↓
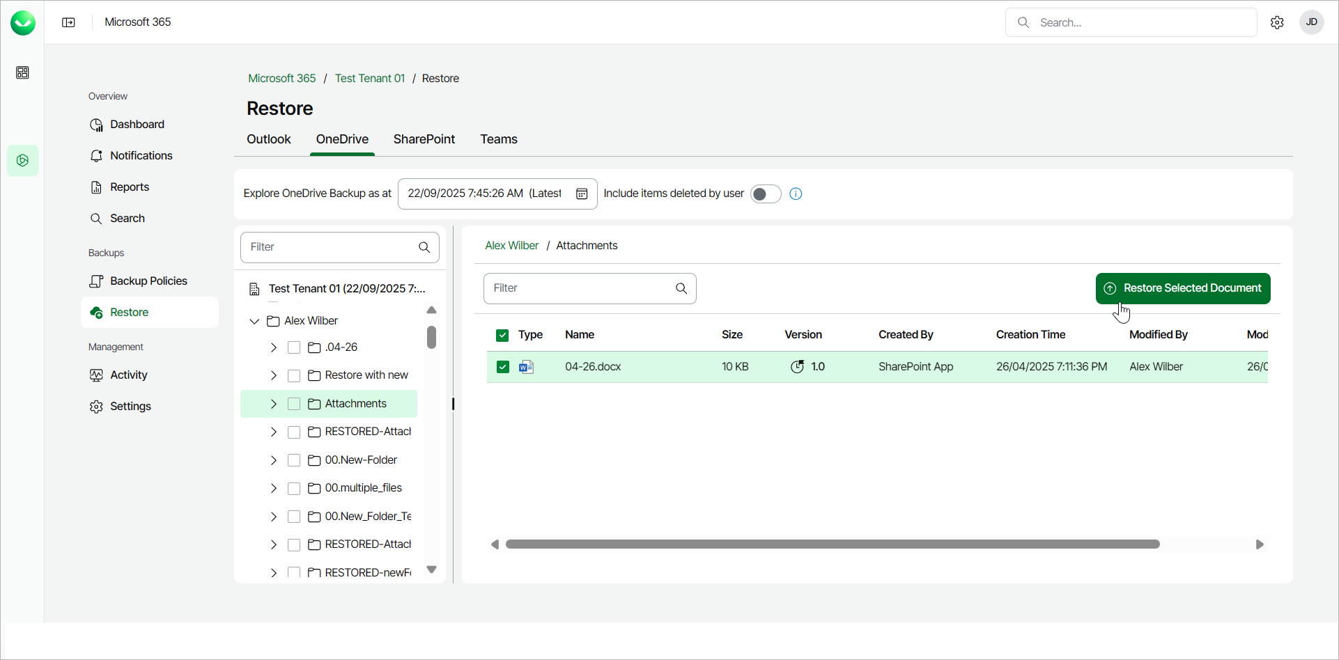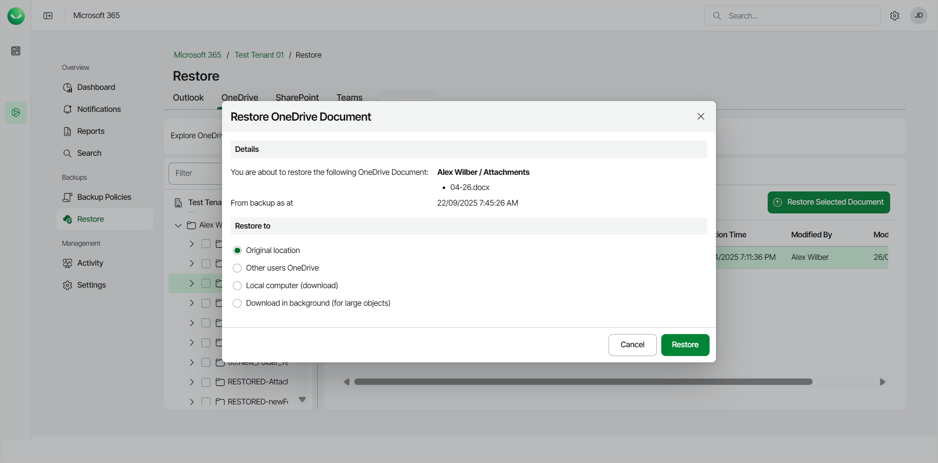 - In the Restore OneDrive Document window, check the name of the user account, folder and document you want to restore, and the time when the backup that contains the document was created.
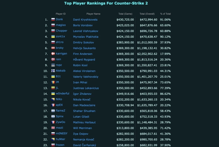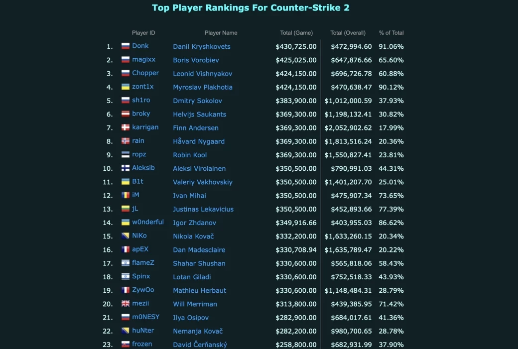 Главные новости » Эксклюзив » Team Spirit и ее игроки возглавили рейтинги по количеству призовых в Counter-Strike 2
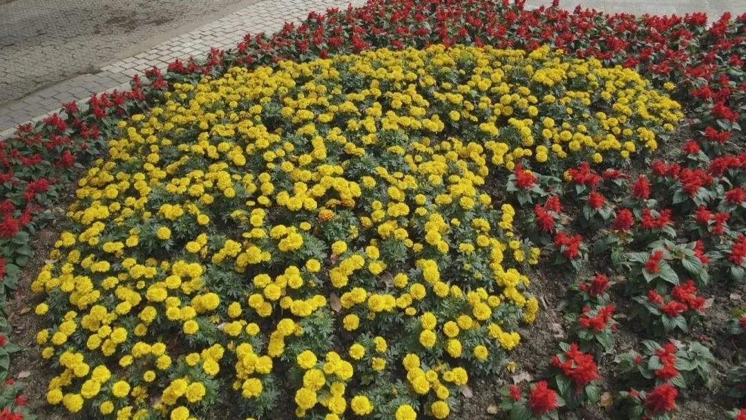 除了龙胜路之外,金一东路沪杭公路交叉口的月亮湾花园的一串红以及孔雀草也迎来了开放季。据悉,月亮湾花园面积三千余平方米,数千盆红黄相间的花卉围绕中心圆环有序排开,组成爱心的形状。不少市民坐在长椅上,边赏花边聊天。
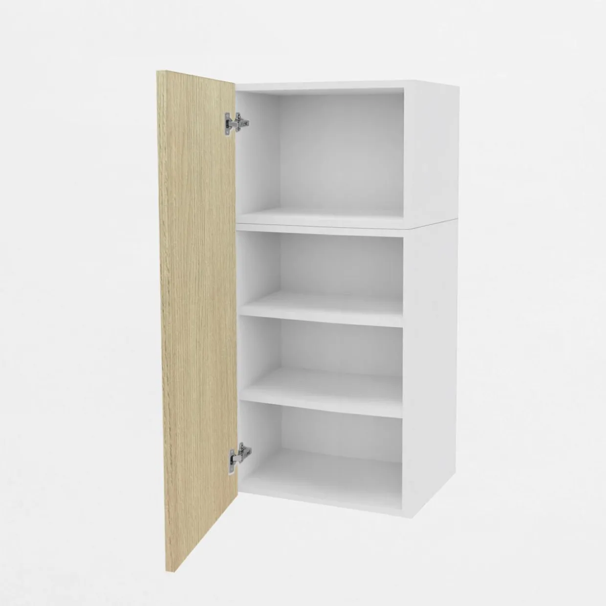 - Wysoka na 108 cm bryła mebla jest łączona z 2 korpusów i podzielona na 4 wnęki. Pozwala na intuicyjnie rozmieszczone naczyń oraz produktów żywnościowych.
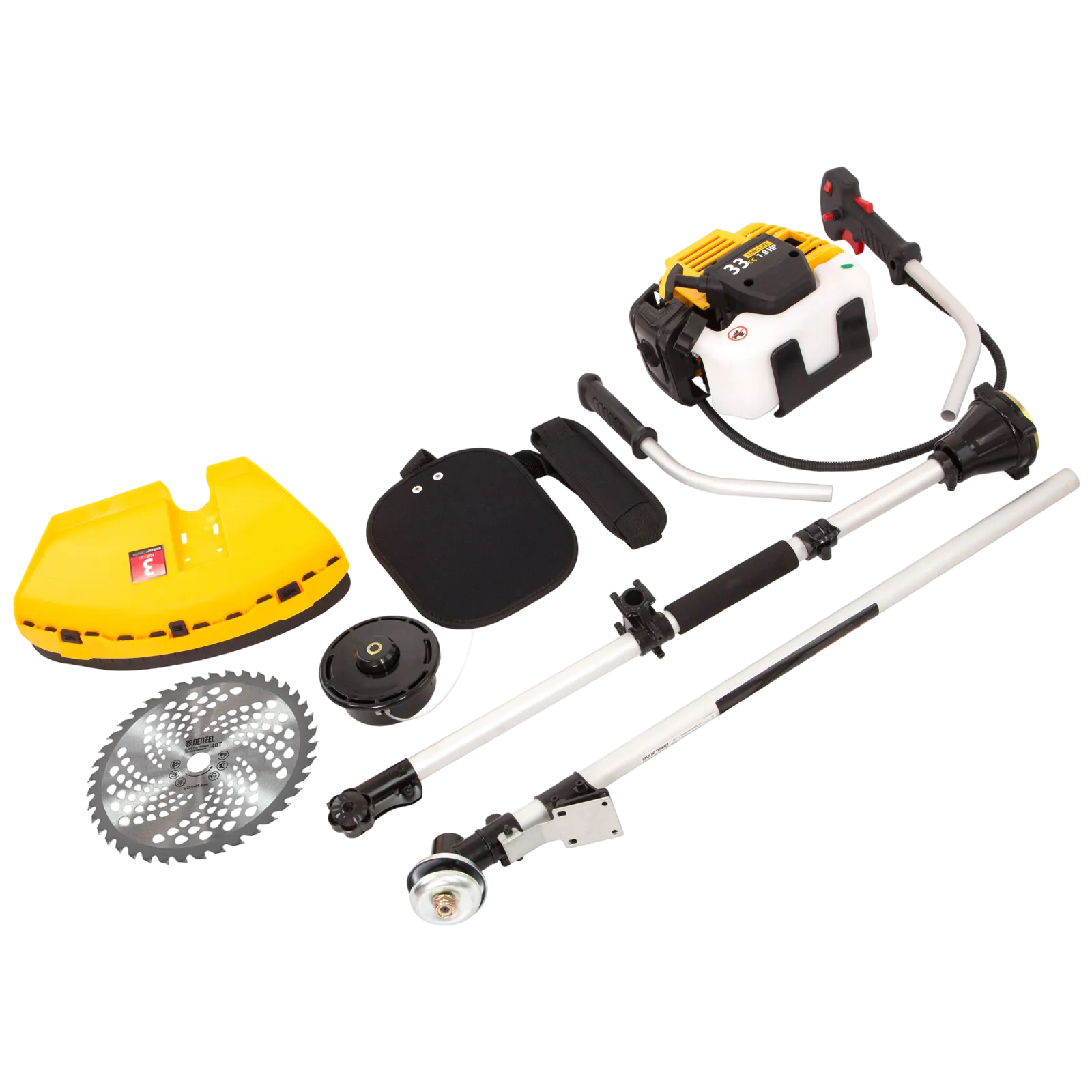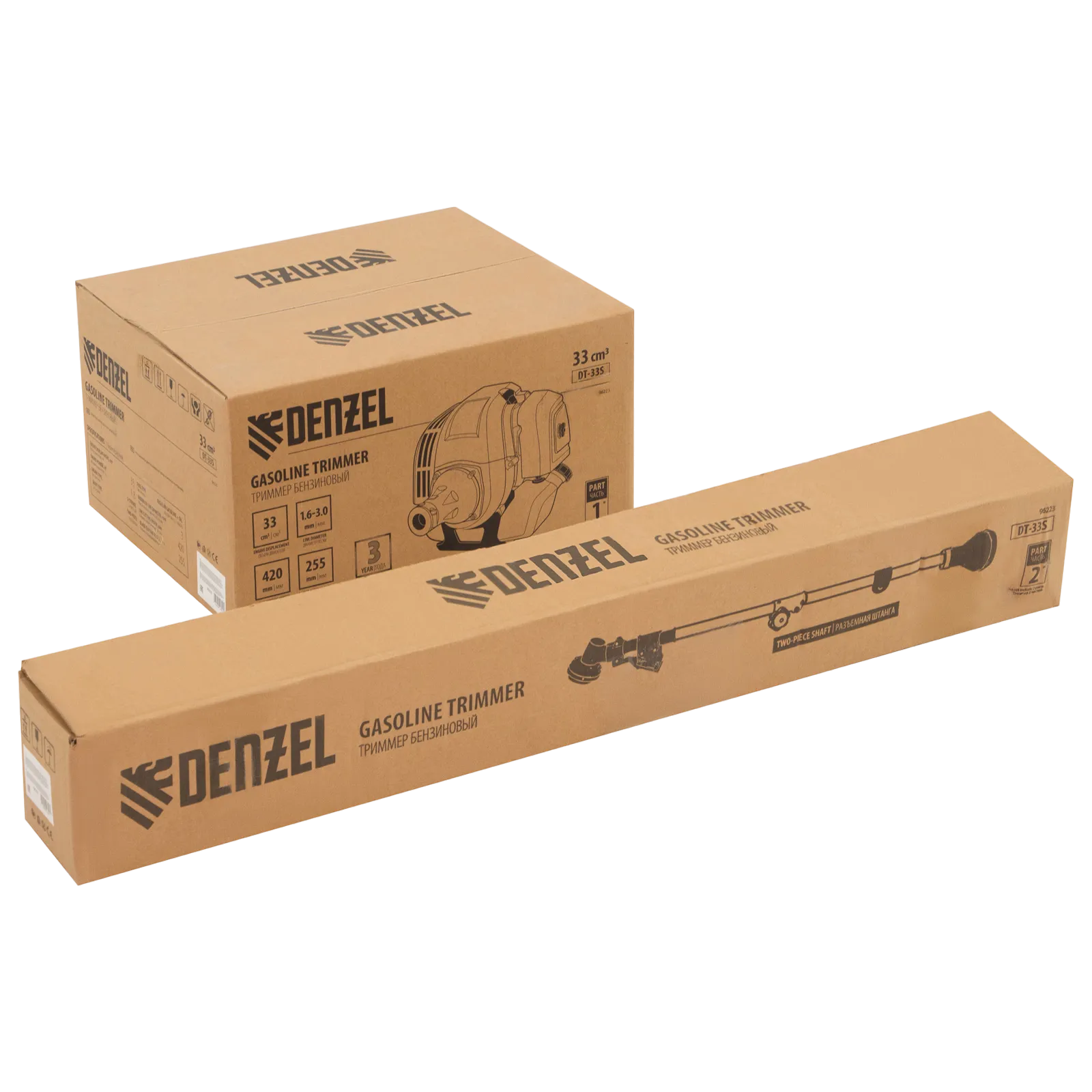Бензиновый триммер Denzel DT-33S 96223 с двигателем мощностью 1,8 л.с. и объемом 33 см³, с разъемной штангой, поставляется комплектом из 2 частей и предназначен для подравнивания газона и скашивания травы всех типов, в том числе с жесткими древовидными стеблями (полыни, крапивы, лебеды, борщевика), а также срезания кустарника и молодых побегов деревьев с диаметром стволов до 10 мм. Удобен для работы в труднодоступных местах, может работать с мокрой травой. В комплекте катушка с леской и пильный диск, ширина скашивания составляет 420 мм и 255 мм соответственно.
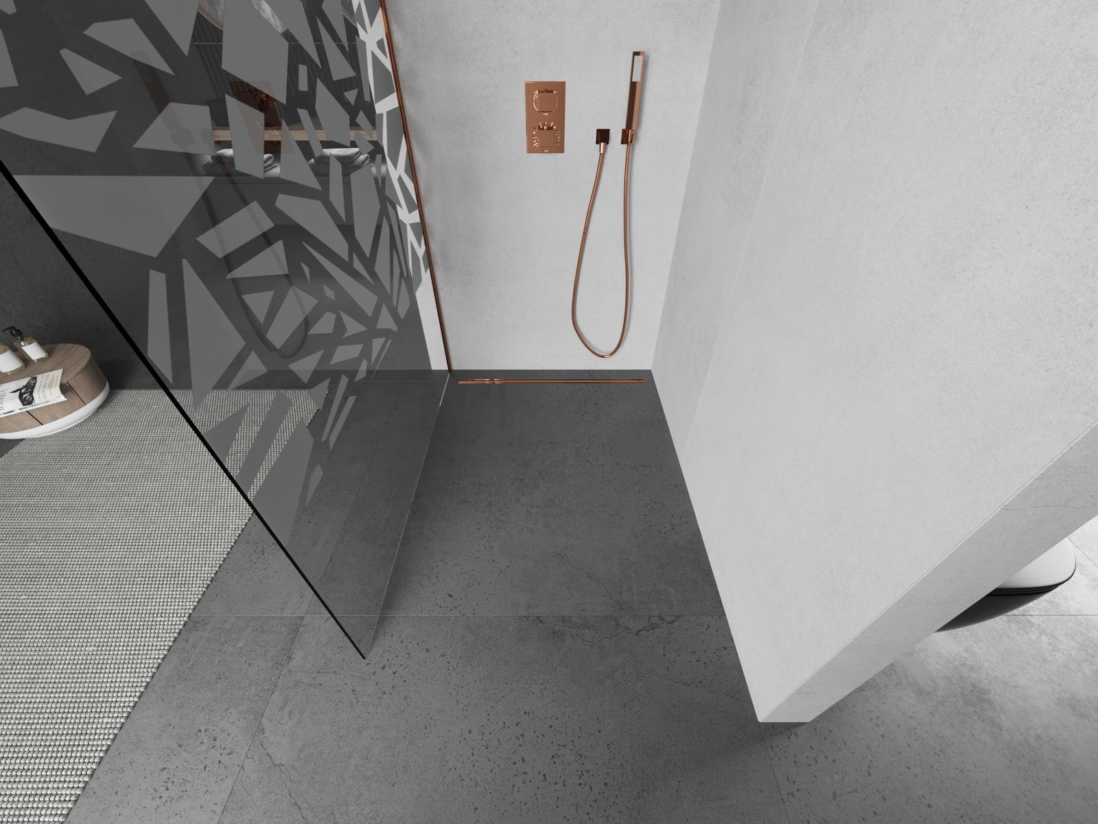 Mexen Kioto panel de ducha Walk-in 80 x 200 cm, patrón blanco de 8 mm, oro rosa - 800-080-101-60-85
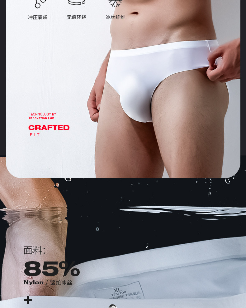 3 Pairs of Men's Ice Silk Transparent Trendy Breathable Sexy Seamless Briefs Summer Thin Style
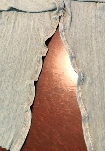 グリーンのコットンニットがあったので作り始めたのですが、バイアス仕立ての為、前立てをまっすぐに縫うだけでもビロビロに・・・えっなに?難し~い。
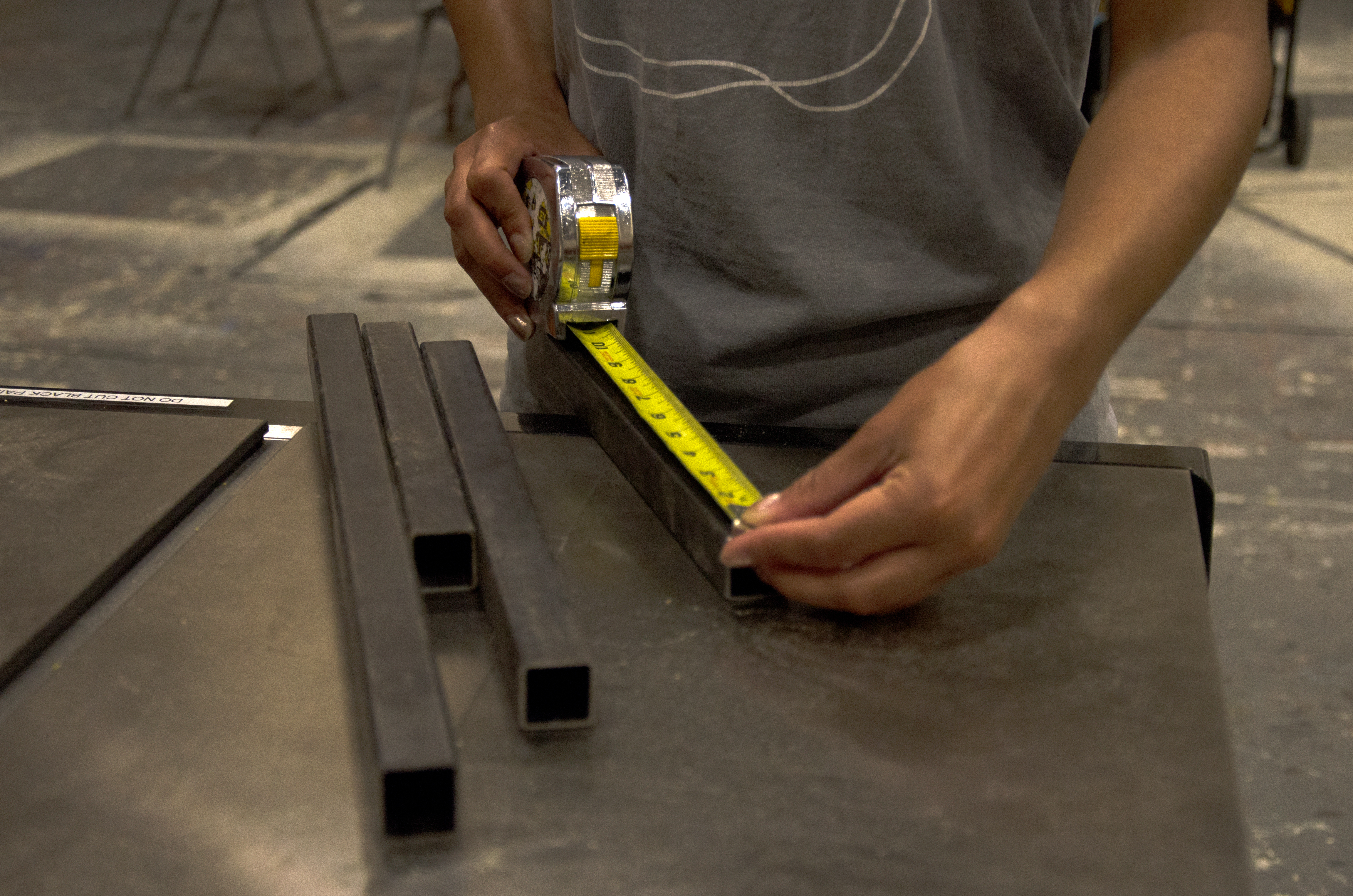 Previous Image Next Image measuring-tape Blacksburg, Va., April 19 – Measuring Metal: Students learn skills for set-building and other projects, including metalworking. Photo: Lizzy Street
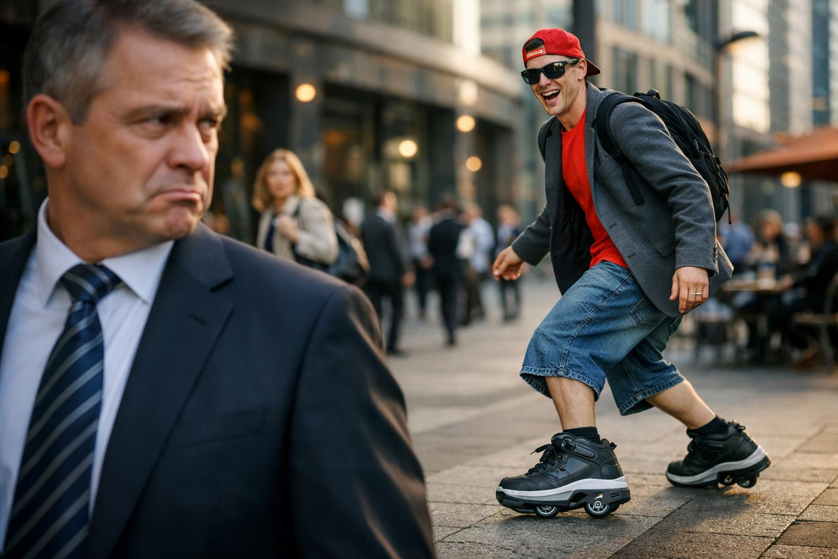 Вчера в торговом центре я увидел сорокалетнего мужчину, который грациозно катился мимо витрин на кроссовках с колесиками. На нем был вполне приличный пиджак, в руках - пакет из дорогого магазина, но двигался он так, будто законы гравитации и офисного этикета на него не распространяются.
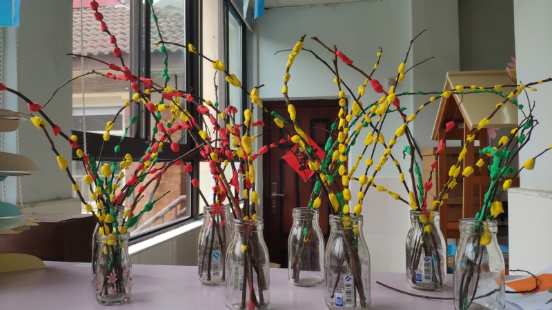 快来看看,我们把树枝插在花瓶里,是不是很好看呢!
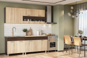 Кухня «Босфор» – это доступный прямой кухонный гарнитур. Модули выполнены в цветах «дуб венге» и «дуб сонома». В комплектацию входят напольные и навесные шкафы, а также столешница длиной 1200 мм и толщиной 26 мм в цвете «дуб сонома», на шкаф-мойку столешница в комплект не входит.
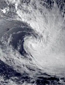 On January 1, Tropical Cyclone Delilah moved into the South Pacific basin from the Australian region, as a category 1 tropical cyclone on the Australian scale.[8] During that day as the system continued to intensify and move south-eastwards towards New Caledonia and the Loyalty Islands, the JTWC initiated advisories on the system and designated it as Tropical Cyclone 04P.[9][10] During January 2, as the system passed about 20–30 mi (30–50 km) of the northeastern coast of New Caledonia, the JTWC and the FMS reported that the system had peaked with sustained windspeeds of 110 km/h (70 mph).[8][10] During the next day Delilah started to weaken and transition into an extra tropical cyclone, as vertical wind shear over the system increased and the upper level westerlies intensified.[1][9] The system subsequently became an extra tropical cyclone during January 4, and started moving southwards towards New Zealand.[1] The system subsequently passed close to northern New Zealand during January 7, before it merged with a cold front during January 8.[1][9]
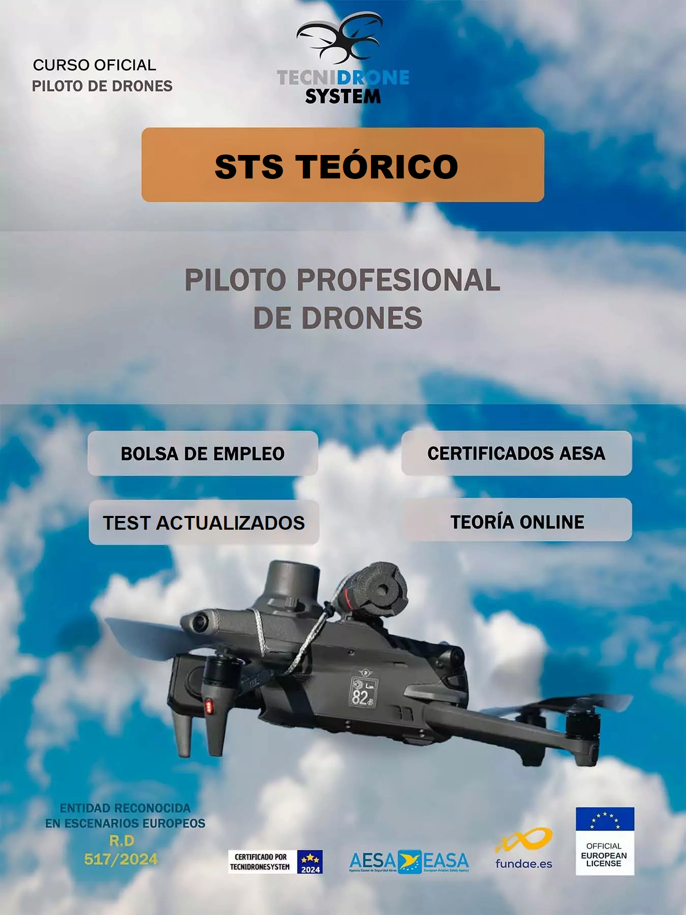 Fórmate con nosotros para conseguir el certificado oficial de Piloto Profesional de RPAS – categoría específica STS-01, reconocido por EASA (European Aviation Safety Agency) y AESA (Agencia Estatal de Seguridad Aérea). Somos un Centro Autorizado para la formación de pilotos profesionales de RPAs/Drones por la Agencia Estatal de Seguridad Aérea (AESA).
↑
◆ Work task ◆
The data above holds the lines to copy: start at the one with "- Wysoka na", stop at the one with "Бензиновый триммер Denzel", include both, copy them exactly without pictures, and copy nothing else.

◆ Solution to this problem ◆
 - Wysoka na 108 cm bryła mebla jest łączona z 2 korpusów i podzielona na 4 wnęki. Pozwala na intuicyjnie rozmieszczone naczyń oraz produktów żywnościowych.
Бензиновый триммер Denzel DT-33S 96223 с двигателем мощностью 1,8 л.с. и объемом 33 см³, с разъемной штангой, поставляется комплектом из 2 частей и предназначен для подравнивания газона и скашивания травы всех типов, в том числе с жесткими древовидными стеблями (полыни, крапивы, лебеды, борщевика), а также срезания кустарника и молодых побегов деревьев с диаметром стволов до 10 мм. Удобен для работы в труднодоступных местах, может работать с мокрой травой. В комплекте катушка с леской и пильный диск, ширина скашивания составляет 420 мм и 255 мм соответственно.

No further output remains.